Would there be fewer late trains if we were less willing to accept sloppy language?

I did not walk back to the house from the train yesterday‒it was late and I felt quite low on energy and enthusiasm‒but I did walk to the train station this morning.  It’s muggy and hot still, but it’s cooler than it is when the sun is shining (especially if you just wear black clothes like I do, since, like Wednesday Addams, I’ve developed an allergy to colors).

The biggest drawback to walking in the morning is that, down where I currently live, at this time of year, at this time of day, the air is abysmally still and lifeless.  Now, at the train station, it seems there is at least some breeze, which I suspect is at least partly due to traffic on I-95, just behind me, not more than twenty or so meters away.

Of course, the station is also quite a bit closer to the ocean than is the house in which I currently dwell.  This can make floods more likely here, as I have witnessed first-hand, but the temperature differentials above the ocean and above the land seems to generate a more or less constant wind at or near the beach.

I’ve long suspected that such a breeze should be coming into shore during the day‒because land is heated more rapidly by the sun than the sea is, and the air above it heats and rises, and cooler air from the ocean flows in to replace it‒and then heading out to sea at night, because the water temperature doesn’t change as readily it stays warmer at night and so the process would reverse.  I am by no means sure that this describes the actual dynamics of the situation, and I suspect matters are more complicated than this, but this is how I hypothesize about it.

Aaaaaand, guess what.  They’ve just announced that the train for which I am waiting is delayed 15 to 20 minutes.  They then say “stand by for more information”, but no more information is ever shared over the speakers.

It’s infuriating just how often the trains are delayed.  If I had an employee who came in late this frequently, I would have to consider firing that person.  It’s unprofessional and disruptive; people make plans based on the expected, published schedules.  And while, of course, there are occasional, unforeseen things that happen anywhere and everywhere, the frequency at which it happens on the Tri-Rail ought to be embarrassing to those who work in the system.

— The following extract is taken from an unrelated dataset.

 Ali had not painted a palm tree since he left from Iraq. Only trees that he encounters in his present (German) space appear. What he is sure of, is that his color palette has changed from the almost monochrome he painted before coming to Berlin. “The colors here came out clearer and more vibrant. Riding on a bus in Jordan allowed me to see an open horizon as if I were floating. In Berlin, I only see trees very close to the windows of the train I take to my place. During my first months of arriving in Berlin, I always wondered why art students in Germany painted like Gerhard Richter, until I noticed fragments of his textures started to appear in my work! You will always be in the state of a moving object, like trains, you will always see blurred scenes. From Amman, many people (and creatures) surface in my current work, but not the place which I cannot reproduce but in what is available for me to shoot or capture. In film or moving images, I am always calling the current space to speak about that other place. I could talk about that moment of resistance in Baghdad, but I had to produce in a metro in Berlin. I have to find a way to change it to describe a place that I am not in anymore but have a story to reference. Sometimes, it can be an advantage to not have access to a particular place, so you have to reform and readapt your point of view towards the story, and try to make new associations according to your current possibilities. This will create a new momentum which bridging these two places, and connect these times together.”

I’ll give it some time, but I really hate riding trains that are late, because they’re usually more crowded than they would be if they were on time.  It’s rather infuriating that I deliberately dragged my feet to miss the previous train‒which was on time‒by just a minute or so, so that I would have time to cool down a bit before the next one arrived.

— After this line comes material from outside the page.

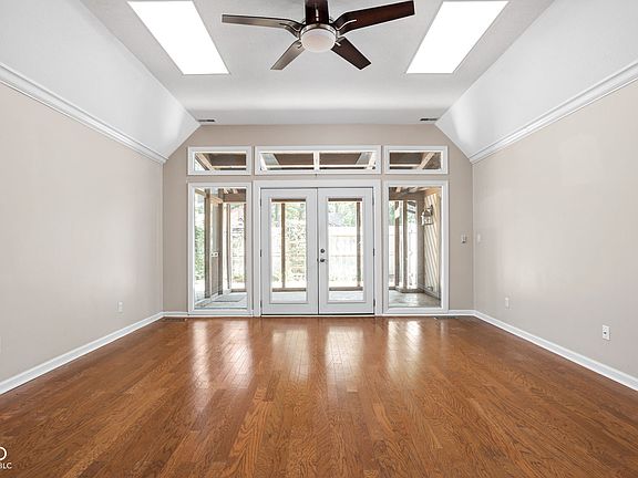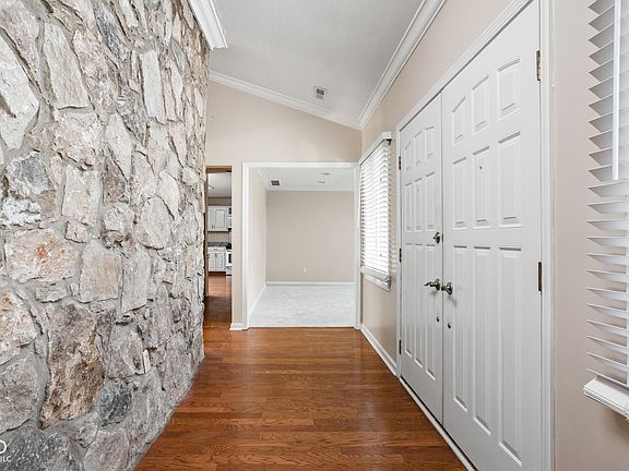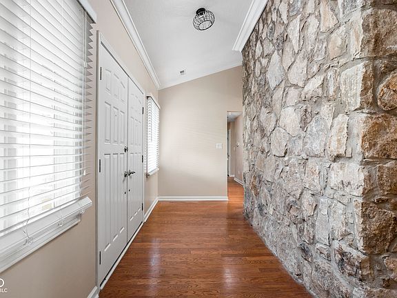 One of the largest one-level condos in the area! This 2,488 SF home offers expansive open living spaces, a private outdoor patio surrounded by mature trees and a privacy fence-perfect for relaxing or entertaining. Features include a dramatic floor-to-ceiling stone fireplace with insert blower, skylights, wet bar, and a large living/dining room combo for flexible use. The eat-in kitchen boasts granite countertops, stainless steel appliances, gas cooktop, double pantries, and a skylight over the breakfast area. The primary suite offers an en-suite bath with dual sinks and a large custom walk-in closet. Crown molding throughout, fully updated guest bath, and energy-efficient skylight covers enhance the home's appeal. The following were added to the property in the past year: screened porch addition, remodeled bathrooms, heated garage and new light fixtures throughout. Located in a well-maintained community with clubhouse, pool, tennis courts, and more. Close to St. Vincent Hospital, shopping, dining, schools, and more. A rare opportunity for one-level living with space to spare!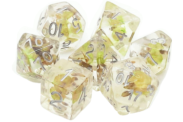Old School 7 Piece DnD RPG Dice Set Infused Green Flower - State of Comics Old School 7 Piece DnD RPG Dice Set Infused Green Flower - State of Comics

The next next train, which is almost on time, will be expected to arrive only 8 minutes after the train for which I was waiting.  I think I may sit out the first train and wait for the second one, which should be less crowded.  Right now it feels as though there are a few hundred people waiting for the next train.  I already wish I could just send them away, and this is while they’re just spread out on the platform.

I think I will wait.  The difference in arrival time will be negligible.

It will be a somewhat busy office day today, because I’m going to be doing payroll early, like I did last week.  But that’s not something for which I need to be in the office particularly early; it’s dependent upon two different weekly reports that will arrive today, during the day, so I can’t do it too early.

Yeah, the train platform is packed.  The train is coming now, but I’m not getting on it.  My days are stressful enough without having to squeeze into an over-crowded train car.  It’s not that I’m not capable of tolerating it; I’ve been through worse things, of course.  But it’s just so unpleasant, and too many things in my life are unpleasant, and I don’t have more than a brace or so of pleasant things with which to counteract them, so they wear me out much more than they might have in the past.

I’m not sure I properly used the term “brace” there‒I know it can mean two things, as in “a brace of coneys”, but I’m not sure it really applies to the concept to which I was applying it.

I guess I should cut myself a little slack, considering that even professional news organizations and publications seem to have‒for instance‒lost the conceptual difference between “fewer” and “less”.  Sloppiness of language may seem trivial, and of course, language does evolve, but these irritations are not changes due to legitimate adaptations and pressures that produce a more effective tool of communication.  This is a case in which language, which I see as a kind of crystallized thought, is mushy because the thoughts involved in using it are mushy, as is much of the “information” being conveyed.

Sloppiness of language is a symptom of sloppy thought, and I think it also engenders further sloppiness of thought.  The process feeds upon itself, and people understand each other, and the world, less and less and less over time, until finally, darkness and decay and the Red Death hold absolute dominion and sway over all (to paraphrase Poe).

Okay, well, I am now on the next train, which was indeed only about 8 minutes later than the previous, overcrowded one.  I’ll get about another mile of walking in between the station and the office, so by the time I get there, I will already have walked nearly twice as far already today as I walked the entire day yesterday (according to my pedometer).  The train car is over-air-conditioned, particularly since I’m still a bit sweaty despite a second shirt and my cool-down at the station.  Ah, well, it’s not a terribly big deal.  I’ve had worse, as the Black Knight said after getting his arm chopped off by King Arthur.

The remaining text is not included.